Balıkesir İl Sağlık Müdürlüğü 15 Eylül Dünya Lenfoma Farkındalık Günü ile Prostat Kanseri Farkındalık Günü münasebetiyle bilgilendirici ve uyarıcı açıklamalarda bulundu. İl Sağlık Müdürü Uzm. Dr. Serkan Kadir Keskin’in yaptığı yazılı açıklama şöyle:
15 EYLÜL DÜNYA LENFOMA FARKINDALIK GÜNÜ
Lenfomalar, vücudun mikroplarla savaşan lenfatik sistemin parçası olan dokularda doğal olarak bulunan lenfosit adı verilen hücrelerden gelişen lenf bezi hastalıklarıdır.
Lenfomalar hem erkeklerde hem de kadınlarda ilk on kanser türü içinde yer almaktadır. Çocukluk çağı kanserlerinin %15’ini oluşturmakta ve ikinci sırada yer almaktadır.
Lenfomaların kesin nedeni bilinmemekle birlikte, çeşitli risk faktörleri lenfoma gelişme olasılığı ile ilişkilidir.
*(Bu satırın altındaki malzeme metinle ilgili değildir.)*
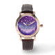 Lovely wristwatch in purple and pink shades, featuring a nature scene with a starry night sky as motif. The text reads "Reach for the stars" and you can of course change the text into something else, like a name, to make personal.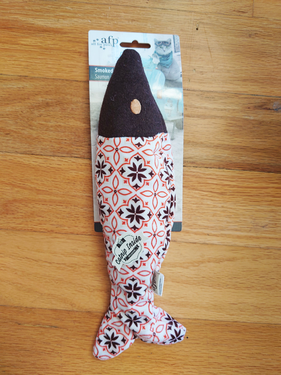 This fish toy is pretty large, as in it’s 12″ long. It’s very crinkly with catnip inside.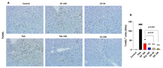 We further observed the cell death signals by application of the TUNEL assay. As we expected, TAA injection led to the enhancement of liver cell deaths in the liver tissues as compared with the control group; however, GS treatments remarkably reduced these signals of the TUNEL assay through the liver tissues (Figure 2A). Increased cell death induced by TAA was significantly decreased in the GS treatment than in the GF single treatment (p < 0.01 or 0.001 in Figure 2B).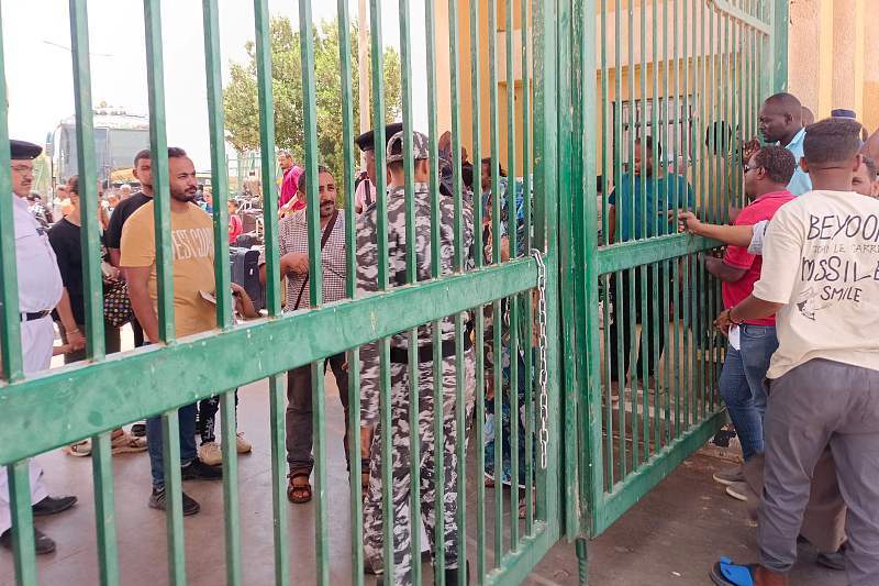 △当地时间2023年4月27日,苏丹难民等待通过一个陆路口岸进入埃及。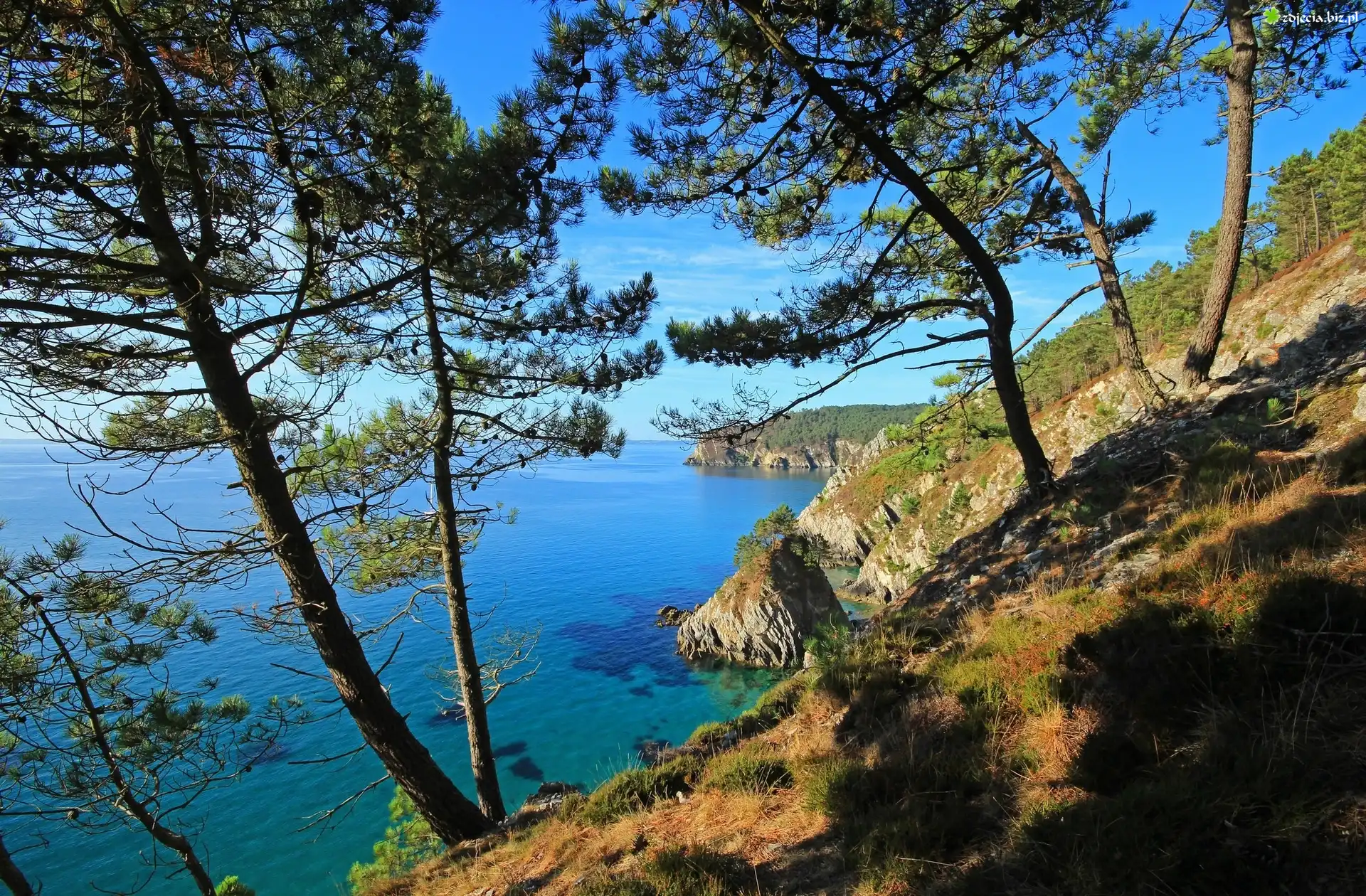 Zdjęcie, Morze, Wzgórza, Skały, Drzewa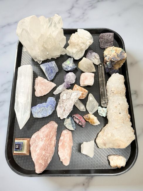 A collection of geology specimens, polished pyramid etc (one tray)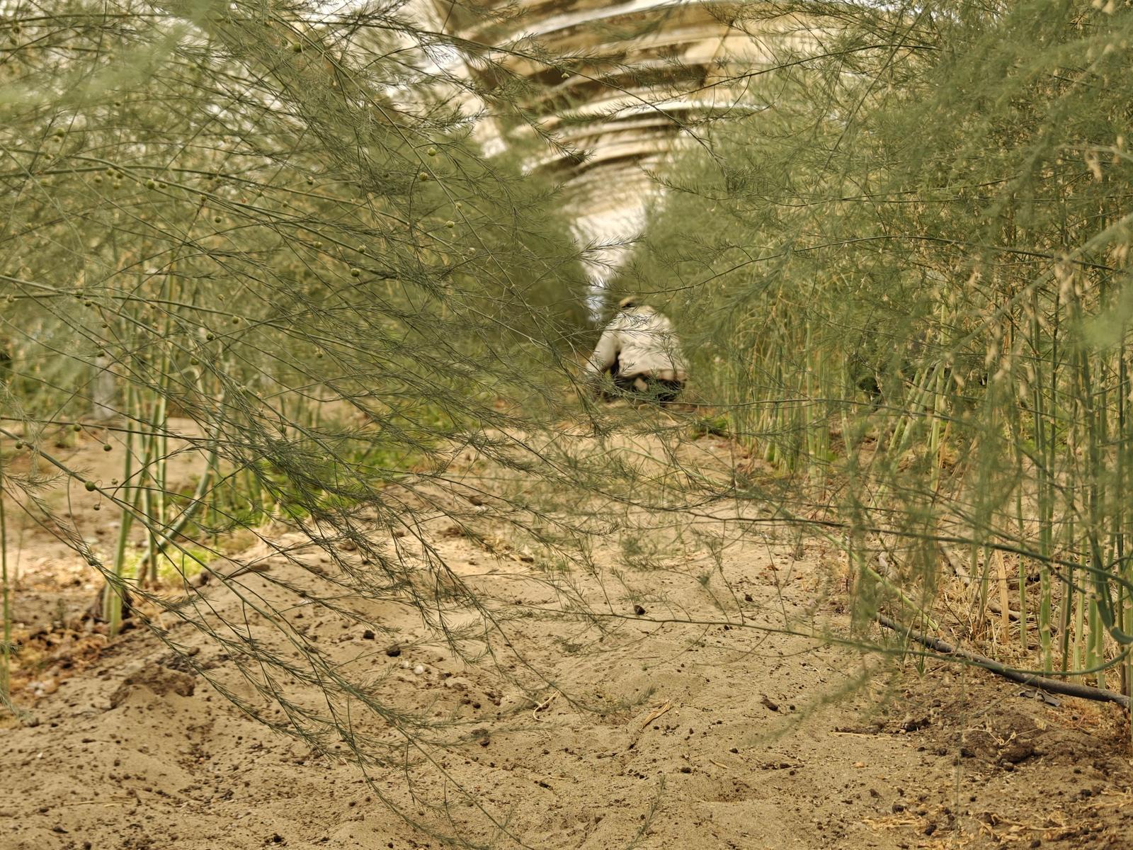 大棚下的细沙地里,嫩绿色的芦笋已经有拇指般粗细,正直挺挺地探出头,等待工人采收。
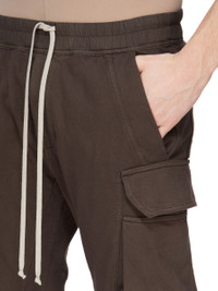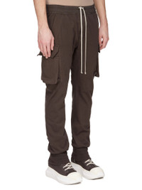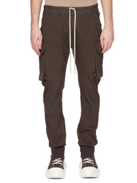 DRKSHDW FW25 CONCORDIANS MASTODON CUT IN DRKDUST COMPACT HEAVY JERSEY THESE MASTODON CUT PANTS ARE FULL LENGTH WITH A SLIM FIT. THEY HAVE AN ELASTICIZED WAISTBAND WITH DRAWSTRING AND ELASTICIZED CUFFS. THEY FEATURE TWO SIDE WELT POCKETS, TWO ZIPPERED CARGO POCKETS WITH BEVELED FLAPS ON THE OUTER THIGH, AND BACK PATCH POCKETS WITH FLAPS AND TOPSTITCHING. THIS HEAVYWEIGHT AND COMPACT COTTON JERSEY HAS A BRUSHED AND SOFT HANDFEEL. THIS JERSEY IS GARMENT DYED. THIS FABRIC IS MADE USING GOTS CERTIFIED ORGANIC COTTON WHICH MEANS THE NATURAL FIBER IS GROWN WITHOUT HARMFUL CHEMICALS, LEAVING OUR SOIL, AIR AND WATER CLEANER FROM CONTAMINATES. COLOR: DRKDUST MATERIAL: 100% COTTON BAND 97% COTTON + 3% ELASTANE MODEL IS 189CM TALL MODEL WEARS SIZE S

Bu risk faktörleri;50 yaş üstü kişiler, ailede lenfoma öyküsü, bazı kimyasallara ve ilaçlara maruziyet, radyasyon maruziyeti, zayıflamış bir bağışıklık sistemine sahip olmak, otoimmün hastalıklar, bazı enfeksiyonlar, obezite ve meme implantları olarak sıralanabilir.
Lenfomalar için erken tespite yönelik kabul edilmiş bir tarama metodu bulunmamakla birlikte; boyun, koltuk altı ve kasık bölgelerindeki lenf bezelerinin ağrısız şişerek ele gelmesi, sebebi tam açıklanamayan ateş, kilo kaybı, gece terlemesi, halsizlik, ciltte kaşıntı belirtilerinin varlığı halinde hekime başvurulması önerilmektedir.
Vücudumuzdaki olağan dışı değişiklikler alışılmadık ve süreklilik gösteren bulgularınız varsa hemen en yakın sağlık kuruluşuna başvurun! Bilgi sahibi olun, sağlıklı kalın!
15 EYLÜL PROSTAT KANSERİ FARKINDALIK GÜNÜ
Prostat, mesanenin hemen altında yer alan, içerisinden idrar kanalının geçtiği, erkek üreme sisteminde bir salgı bezidir. Normal durumda yaklaşık bir ceviz büyüklüğündedir. Prostat bezi yaşlanma ile birlikte büyüyebilir. Prostat kanserinde, prostat bezi içerisinde kanser hücreleri gözlemlenir. Yaşlanmayla birlikte daha sık ortaya çıkan prostat kanseri dünyanın birçok ülkesinde olduğu gibi ülkemizde de erkek kanserleri arasında Uluslararası Kanser Araştırma Ajansı (IARC) Tarafından Yayınlanan 2020 verilerine göre 2. sırada görülmektedir.
Yapılan araştırmalara göre, bir erkeğin prostat kanserine yakalanma riski; yaş, ailesel yatkınlık, beslenme alışkanlıkları ve kimyasal maruziyetler nedeniyle artabilmektedir.
Erken evrede hiçbir belirti vermeyen prostat kanseri, kanser dokusunun büyümesiyle birlikte;
- Yavaş veya zayıf idrar çıkışı, özellikle geceleri sık idrara çıkma ihtiyacı,
- İdrarda veya menide kan varlığı
- Sertleşme sorunu
- Kanserin, kemiklere yayılımına bağlı kalça, sırt (omurga), göğüs (kaburga) ağrıları
- Bacaklarda veya ayaklarda zayıflık veya uyuşma gibi şikâyetlere yol açabilmektedir.
Genel olarak erkeklerin 50 yaşından itibaren, birinci derece akrabasında prostat kanseri görülenlerin ise 40 yaşından itibaren üroloji uzmanına düzenli olarak muayene olması erken tanı konulması açısından önem arz etmektedir.
Prostat kanserini önlemenin kesin bir yolu yoktur. Ancak riski azaltmak için;
- Sigarayı bırakmak,
- Düzenli egzersiz yapmak,
- Sağlıklı ve dengeli beslenerek vücut ağırlığını sağlıklı sınırlar içerisinde korumak
Unutmayalım tüm kanserlerde olduğu gibi prostat kanserinde de;
Erken teşhisle, başarılı bir tedavi ve daha iyi bir yaşam kalitesi sağlanır.